Purpose : The rd8 mutation in the Crumbs1 (Crb1) gene is present in C57Bl/6N-derived mouse lines, including CD11c-eYFP transgenic mice. Crb1 is expressed exclusively in the retina and brain of mice, and the Crb1rd8 mutation causes distinctive retinal degenerative lesions that may affect the immunophenotype of resident leukocytes. We hypothesized that the Crb1rd8 mutation would upregulate antigen presentation and/or activation markers on brain and retinal microglia and CD11c-eYFP+ cells.

Methods : C57Bl/6N CD11c-eYFP mice (Crb1rd8/rd8) were outcrossed with C57Bl/6J mice to generate CD11c-eYFP Crb1wt/wt mice. At 8 weeks of age, eyes and brains were collected from naïve perfusion-fixed mice (n = 4 - 6) and tissues were processed for confocal microscopy. Single cell suspensions of retina, brain parenchyma (cortex), choroid plexus, pia mater and spleen (n = 7) were analysed by multi-colour flow cytometry; the percentage of positive cells was compared between mouse strains using Chi-square tests.

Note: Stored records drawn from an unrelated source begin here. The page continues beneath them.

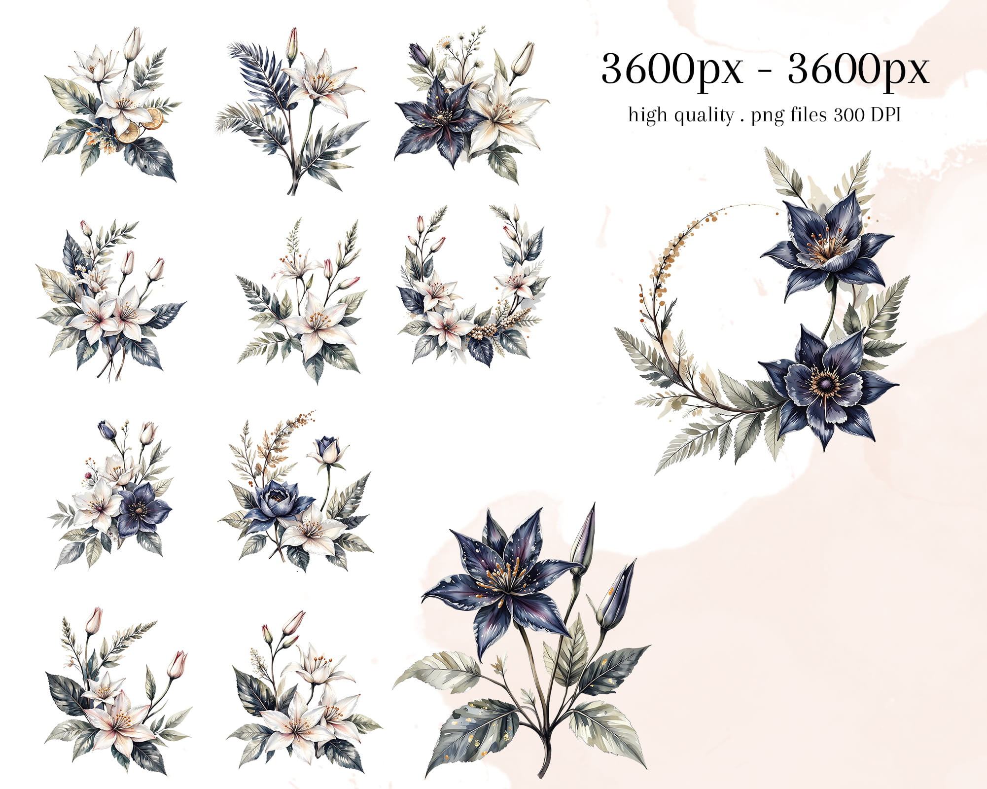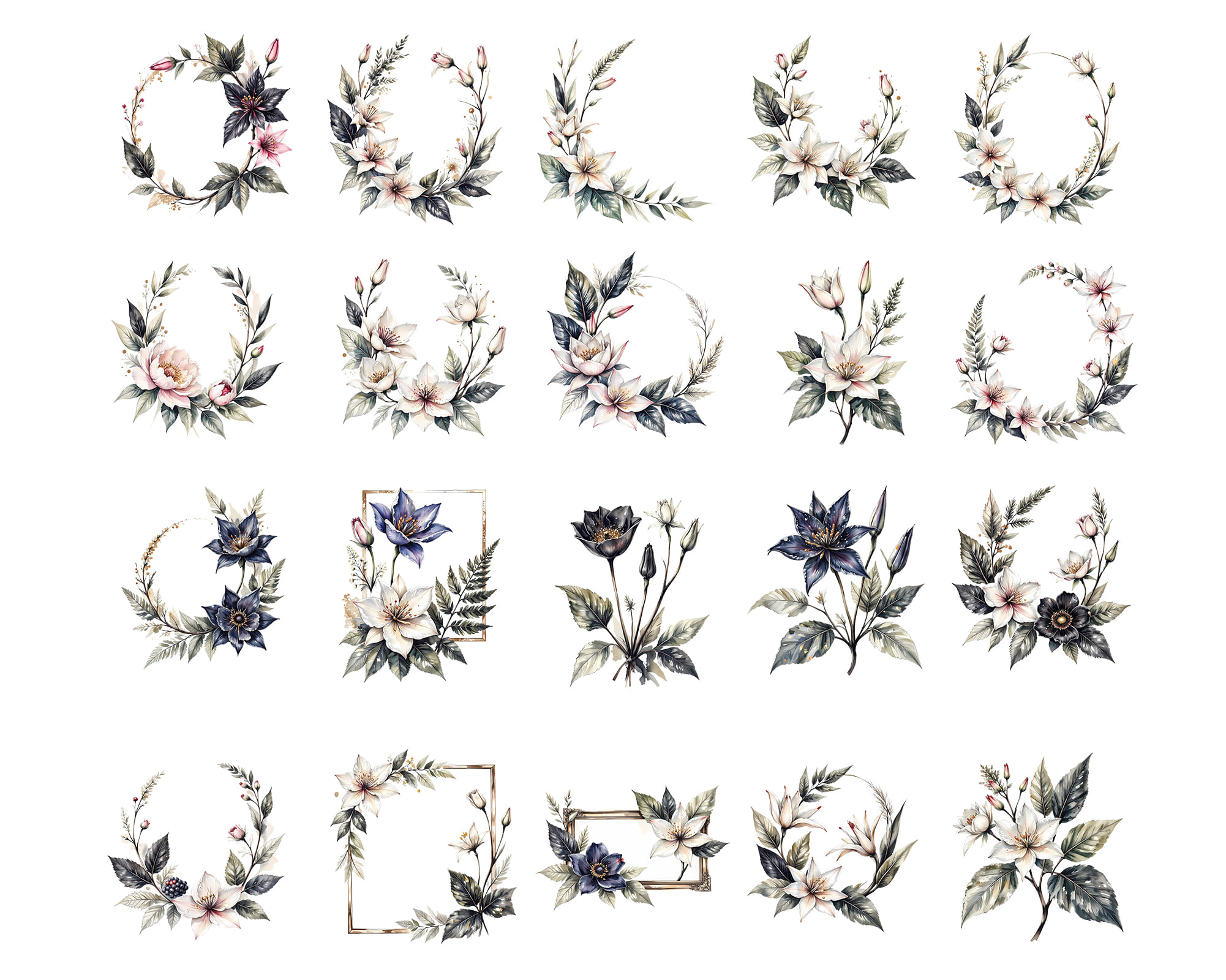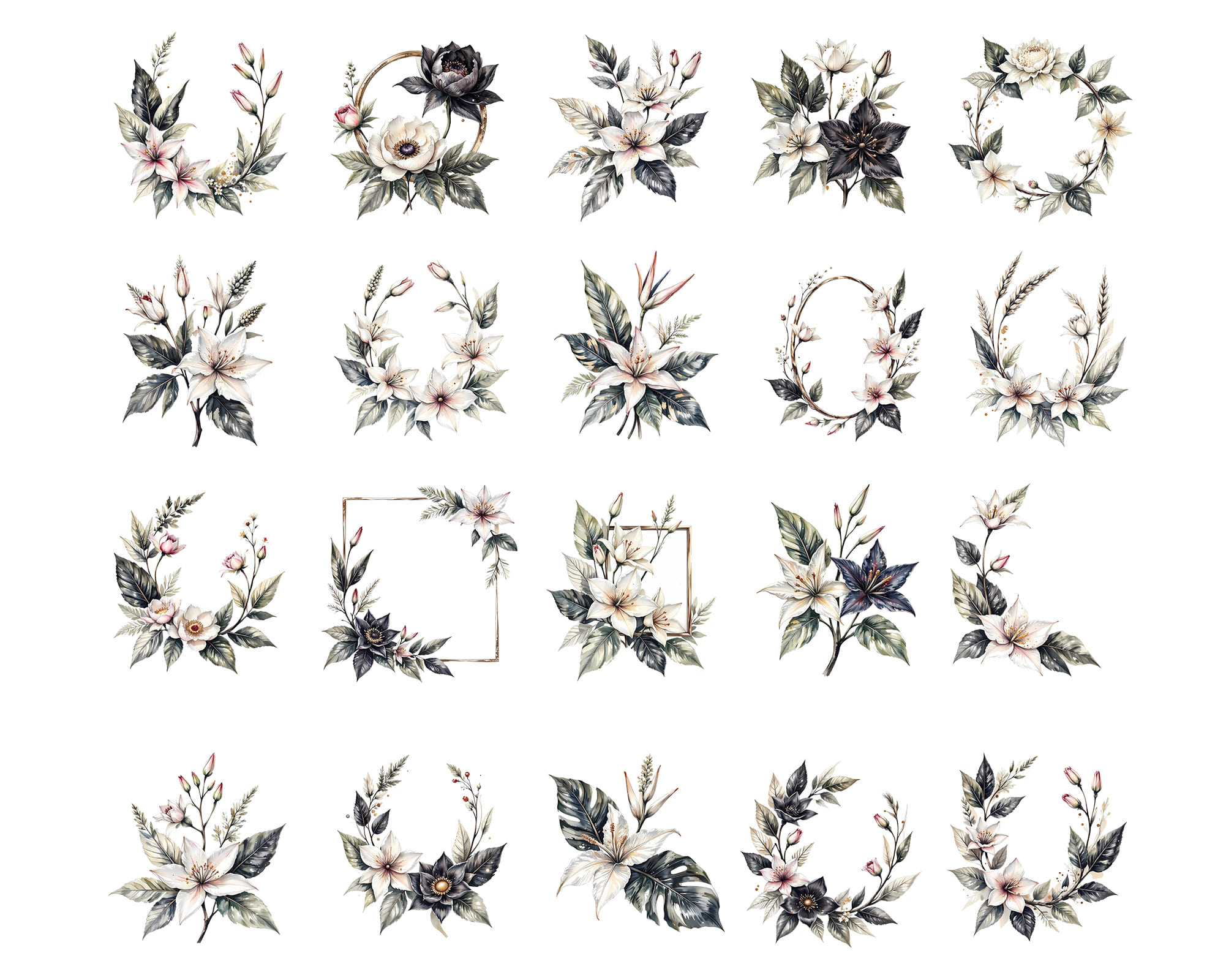 A sophisticated collection of 50 PNG floral illustrations in timeless black-and-white tones. This set features elegant lilies, buds, leaves, and botanical compositions — perfect for modern branding, wedding signage, aesthetic wall art, scrapbooking projects, invitations, and minimalist stationery.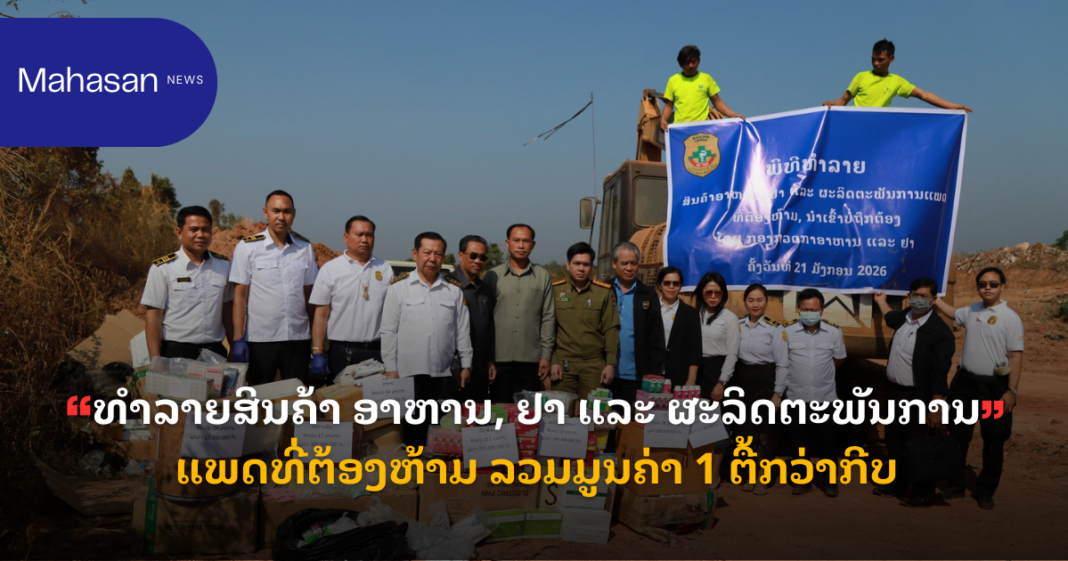 ວັນທີ 21 ມັງກອນຂອງ 2026 ນີ້, ກອງກວດກາອາຫານ ແລະ ຢາ ນະຄອນຫລວງວຽງວຈັນ ໄດ້ຈັດພິທິທຳລາຍສິນຄ້າ ປະເພດອາຫານ, ຢາ ແລະ ຜະລິດຕະພັນການແພດທີ່ຕ້ອງຫ້າມ. ຢູ່ທີ່ສະໜາມຂີ້ເຫຍື້ອ ຫລັກ 32 ນະຄອນຫລວງວຽງຈັນ, ມີທ່ານ ດຣ ບຸນເລື່ອນ ຜະລາດຊະໂຍທາ ຫົວໜ້າກອງກວດກາອາຫານ ແລະ ຢາ ເປັນປະທານ, ມີບັນດາຂະແໜງການ, ອົງການຈັດຕັ້ງ ແລະ ວິຊາການທີ່ກ່ຽວຂ້ອງເຂົ້າຮ່ວມ.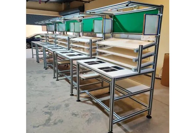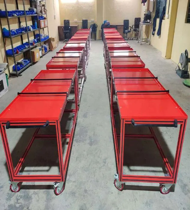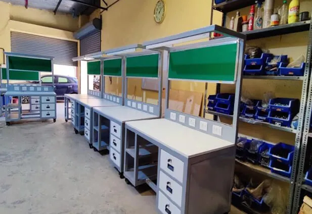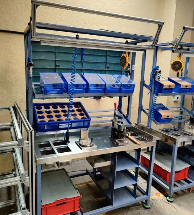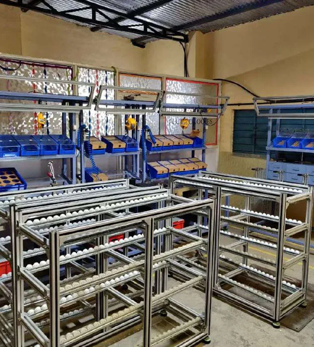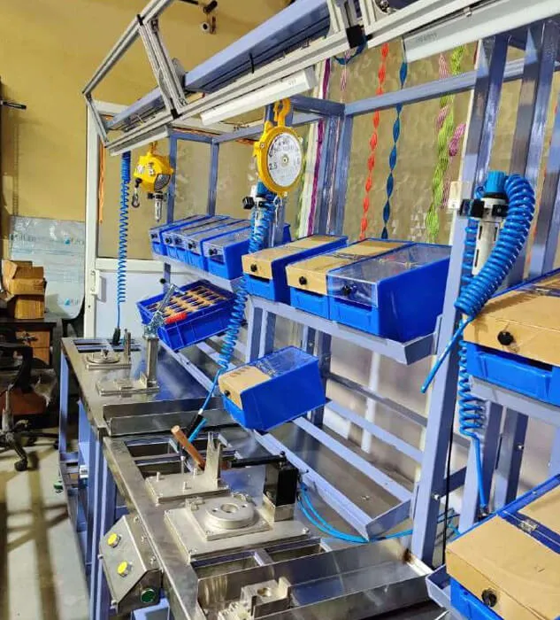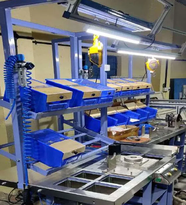 Complete assembly line with multiple stations, Flow Racks, Fixtures, Bolt tightening solutions, Power Tools, Special Tools for assembly, Spring Balancers, Workstations, Lightening arrangements, Bins and well equipped Rework station.

Results : The density of Iba-1+ microglia and CD11c-eYFP+ cells in the retina and sub-retinal space did not differ between CD11c-eYFP Crb1rd8/rd8 mice and CD11c-eYFP Crb1wt/wt mice (p > 0.05); however, these cells displayed a more amoeboid morphology in the retina of CD11c-eYFP Crb1rd8/rd8 mice. A significantly higher percentage of retinal CD11c-eYFP+ cells from CD11c-eYFP Crb1rd8/rd8 mice expressed CD11c (19% vs. 6.2%) and MHC class II (I-A/I-E, 34.6% vs. 4.8%) compared to CD11c-eYFP Crb1wt/wt mice (p < 0.05). Expression of these markers was also significantly upregulated in cortex CD11c-eYFP+ cells from the same mice (CD11c: 23.1% vs. 11.3%; I-A/I-E: 32.0% vs. 7.4%; p < 0.05). Retinal and cortex microglia also demonstrated an upregulation of CD11c and I-A/I-E in CD11c-eYFP Crb1rd8/rd8 mice compared to CD11c-eYFP Crb1wt/wt mice. Within the choroid plexus and pia mater, mice carrying the Crb1rd8 mutation showed an increased frequency of CD11c-eYFP+ cells expressing I-A/I-E, CD103, CD8α and DEC205 (p < 0.05). In contrast, the Crb1rd8 mutation did not affect the phenotype of splenic CD11c-eYFP+ cells (p > 0.05).

Conclusions : The Crd1rd8 mutation upregulates activation markers on CNS microglia and CD11c-eYFP+ cells within the retina, brain parenchyma, choroid plexus and pia mater, but not spleen. Thus, mice carrying the Crb1rd8 mutation should be used with caution in neuroimmunological studies.

This is an abstract that was submitted for the 2016 ARVO Annual Meeting, held in Seattle, Wash., May 1-5, 2016.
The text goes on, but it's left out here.